Among the participants were representatives from Roger Williams University, Cornell University, Harvard University, Yale University, Dartmouth University, Boston University, Brown University, Suffolk University, University of New Hampshire, Southern Connecticut State University, and Brandeis.

The American Mock Trial Association, which presides over intercollegiate Mock Trial competition, releases a different case every year that college teams use to compete at different Invitationals hosted by different universities over the course of the year.

Each team consists of two sides: the defense and the prosecution, each of which comprises three lawyers and three witnesses. When teams compete, the defense side of one team will compete against the prosecution/plaintiff side of another team by giving opening and closing statements, cross-examining witnesses, and so on. Each trial is judged on the basis of evaluation by points, based on individual performance, and the team with the most points wins.

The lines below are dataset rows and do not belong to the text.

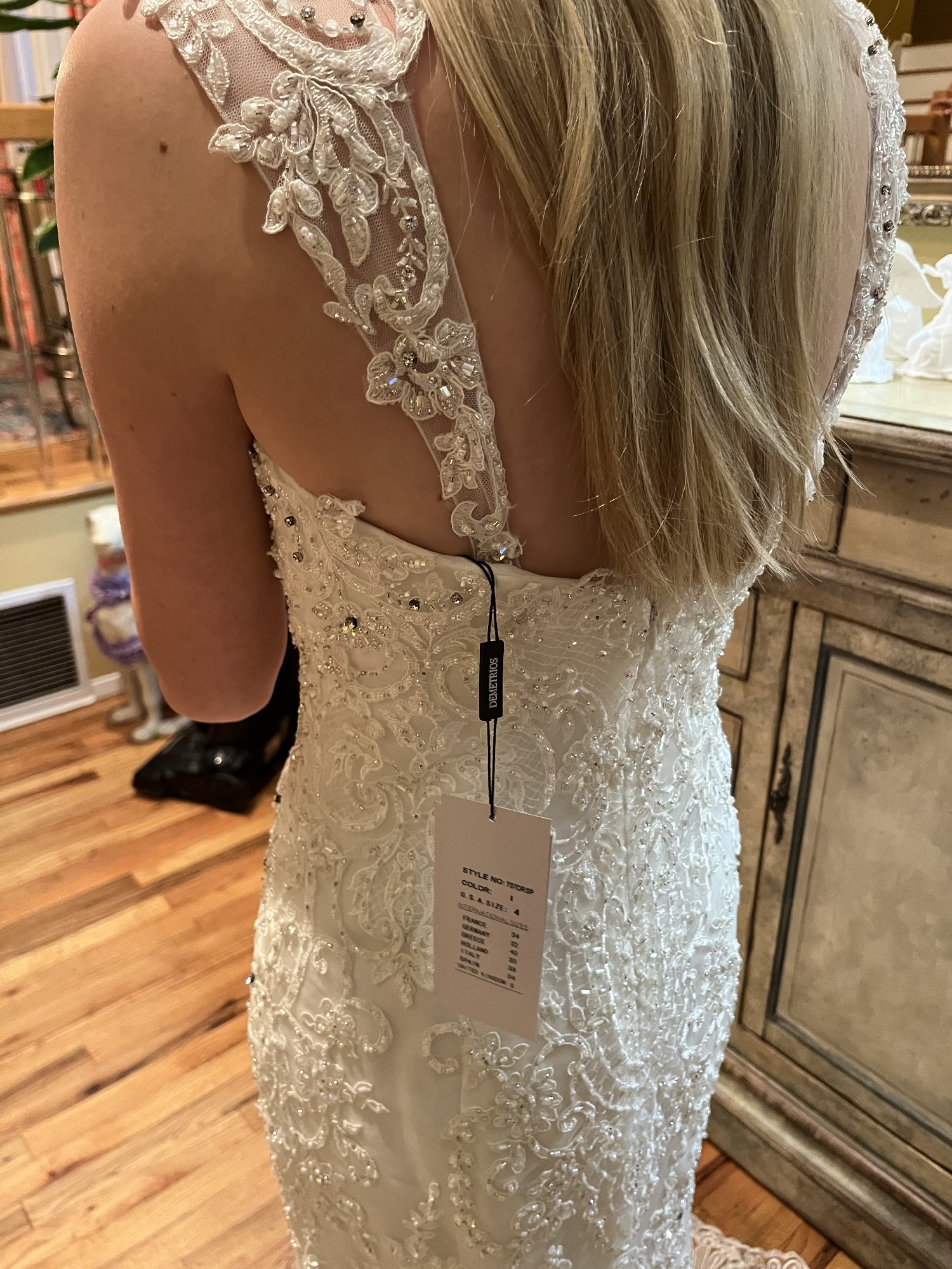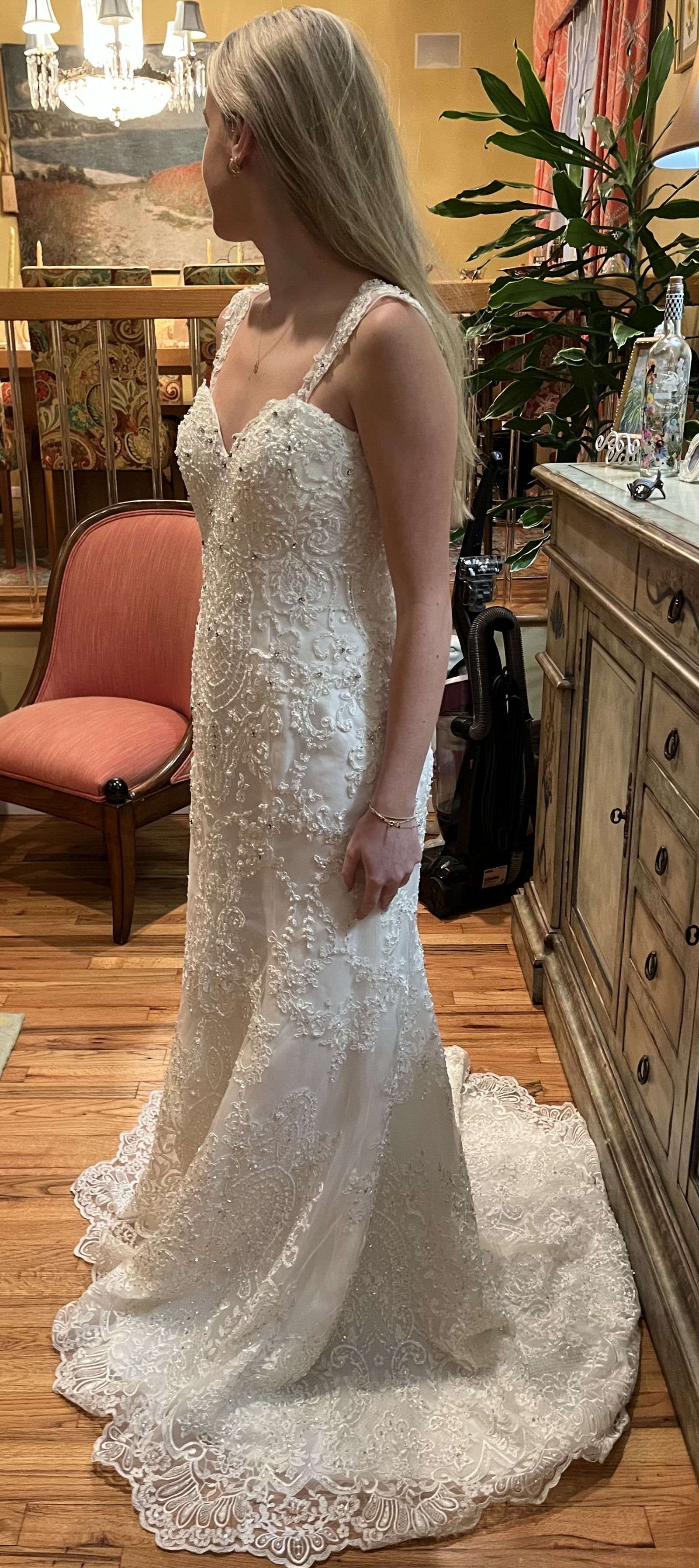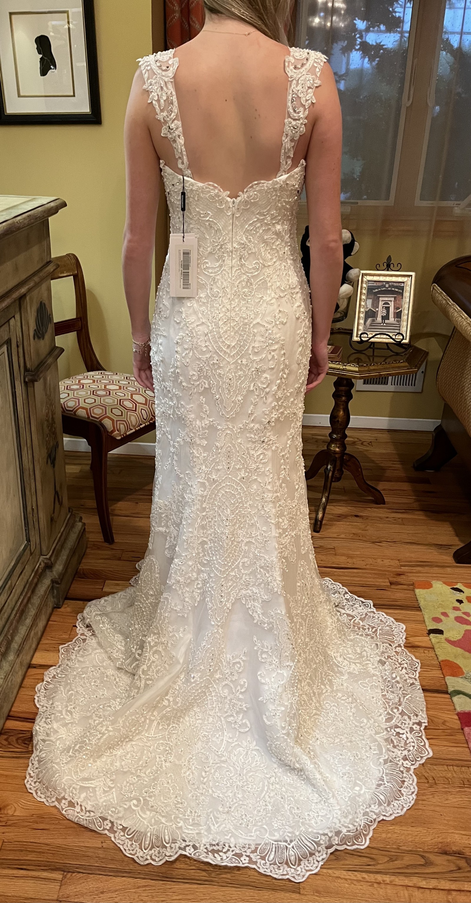 Was purchased to wear as a reception gown post ceremony. Never worn.
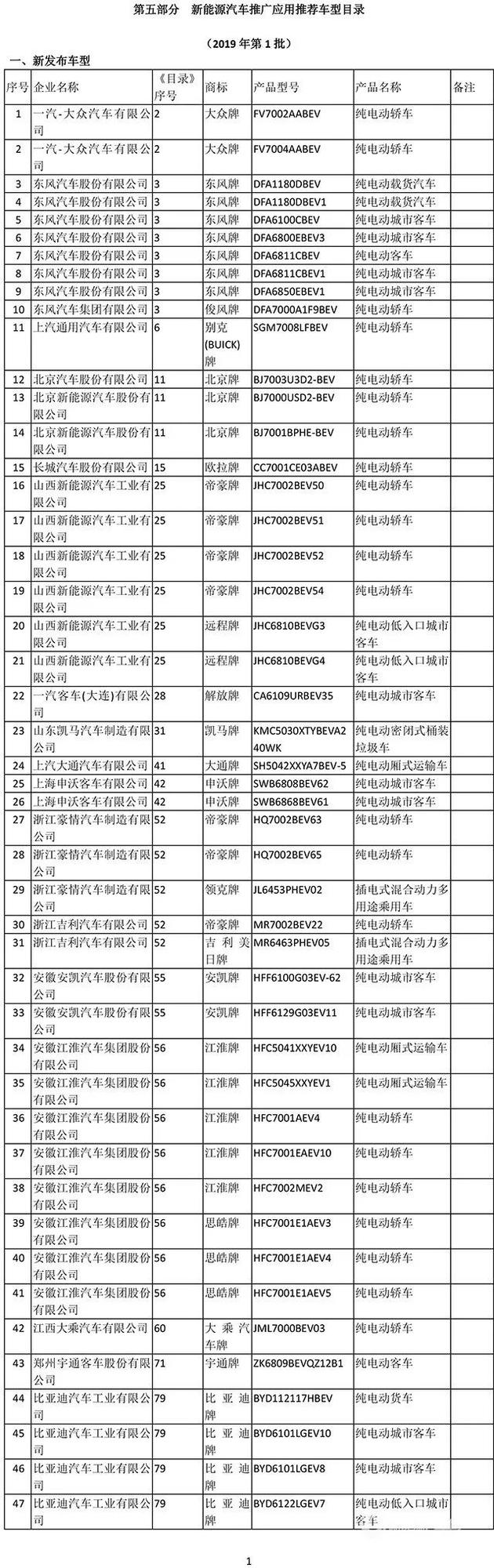 工業(yè)和信息化部近日公布2019年第一批新能源補(bǔ)貼車型。今年首批新能源推薦車型目錄中,共包括49家企業(yè)的106個(gè)新能源補(bǔ)貼車型,其中純電動(dòng)產(chǎn)品共48戶企業(yè)98個(gè)型號(hào)、插電式混合動(dòng)力產(chǎn)品共7戶企業(yè)8個(gè)型號(hào)。
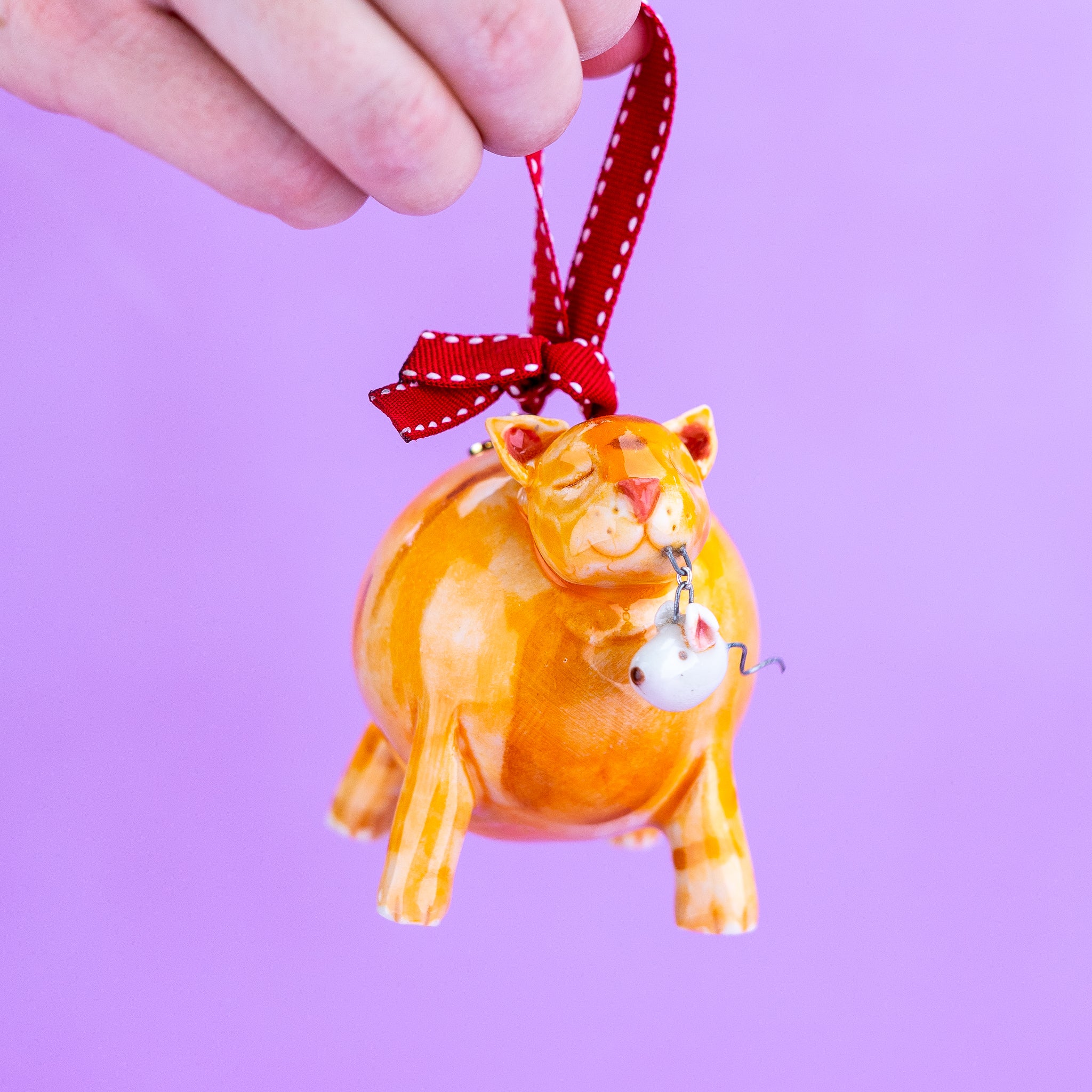 A delightful bauble to deck the halls! Perfect for adding personality to your tree or displaying as a year-round accent piece that sparks joy every time you see it. Measures approximately 2.5 x 2 x 2.75" excluding ribbon
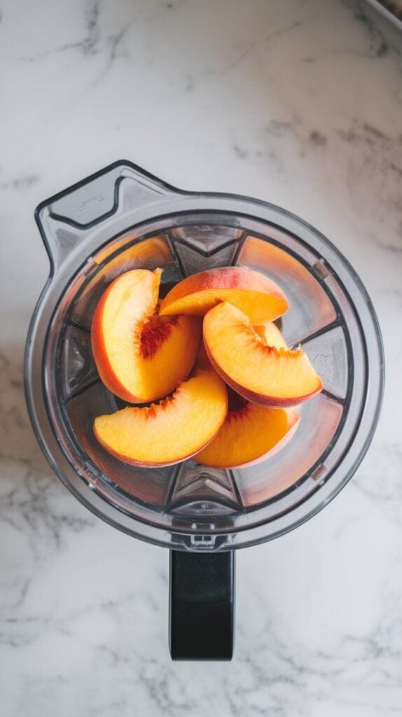 Step 1: Add 2 cups frozen peach slices to blender
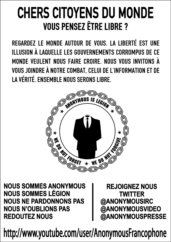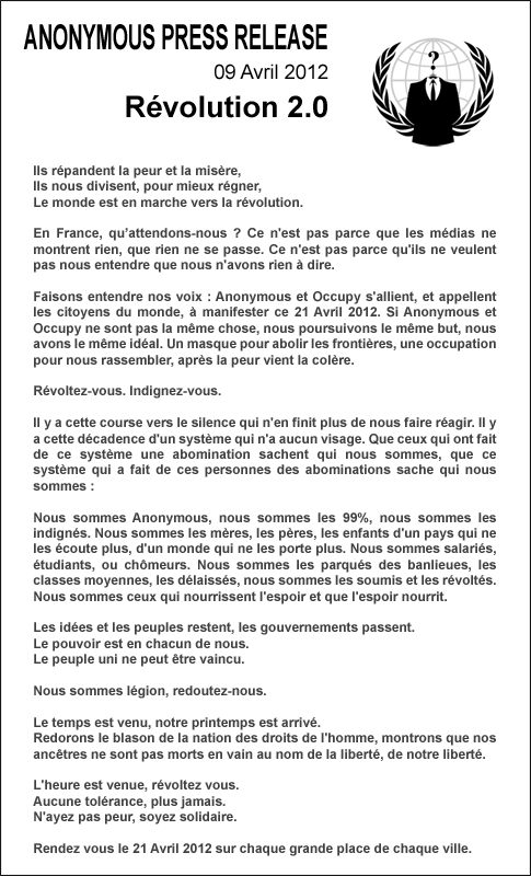 L'appel en vidéo : http://www.rezocitoyen.fr/anonymous-revolution-2-0.html
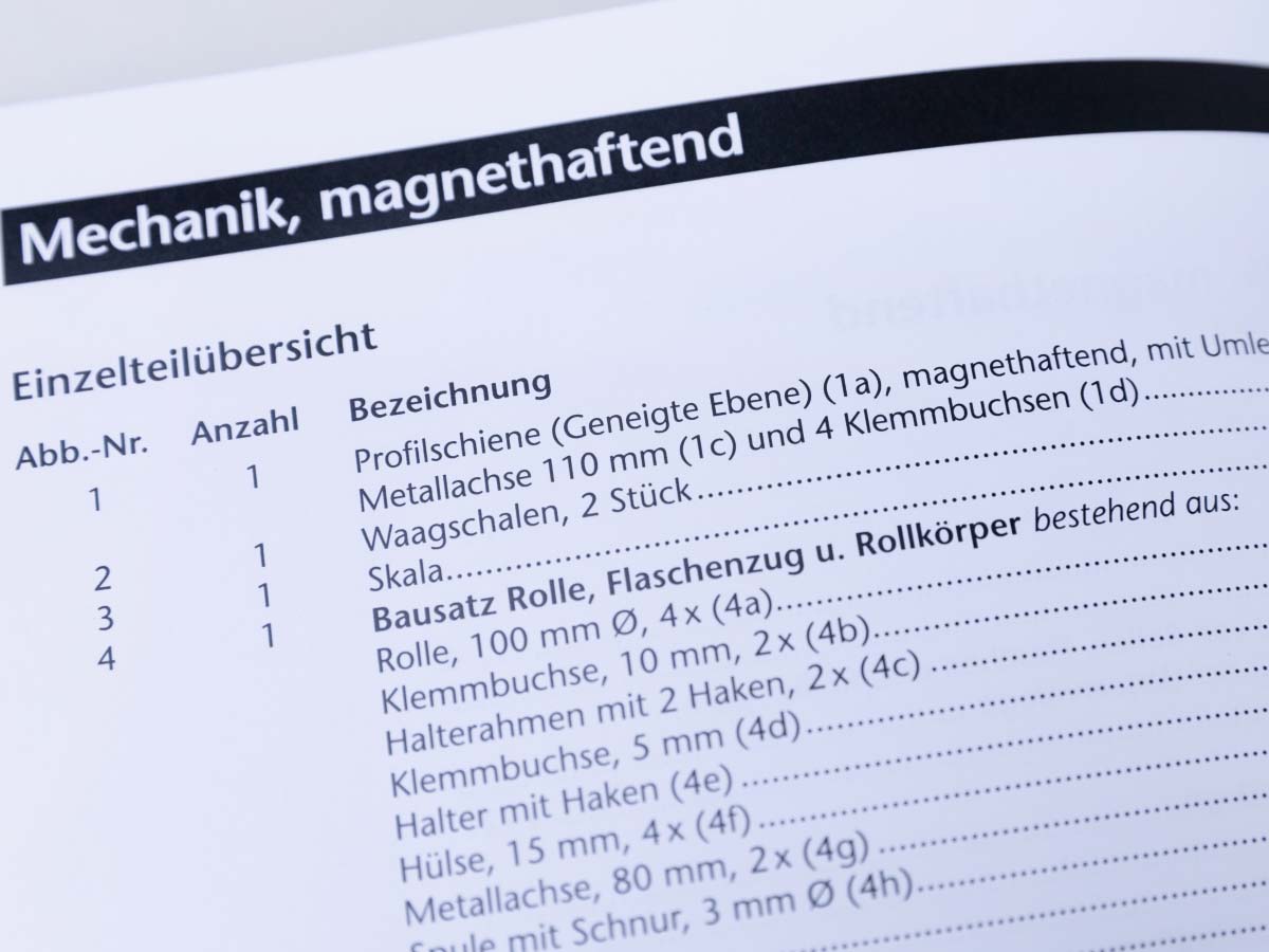 Heft im Lieferumfang enthalten: Versuchsanleitung „Mechanik, magnethaftend“

According to Danielle Ross '09, a member of Mock Trial, the case for this year is a sentencing case in which Don/Dawn Francis, a child protective services worker , attempted to remove a child from its parent's home, and was stabbed by Bobbi Campbell, the child's parent, with a needle infected with HIV. Campbell pled guilty to stabbing Francis, so the Mock Trial case is to determine Campbell's sentencing, said Ross.

"The plaintiff's side has to show evidence of aggravation and the defense...[has] to provide evidence showing that [Campbell] deserves mercy," Ross said. In the Mock Trial case, Ross said she plays the role of Dawn Francis, the plaintiff.

A defense strategy used by several Brandeis teams was to show that Campbell "fell through the cracks. He was failed by the system," said Ross.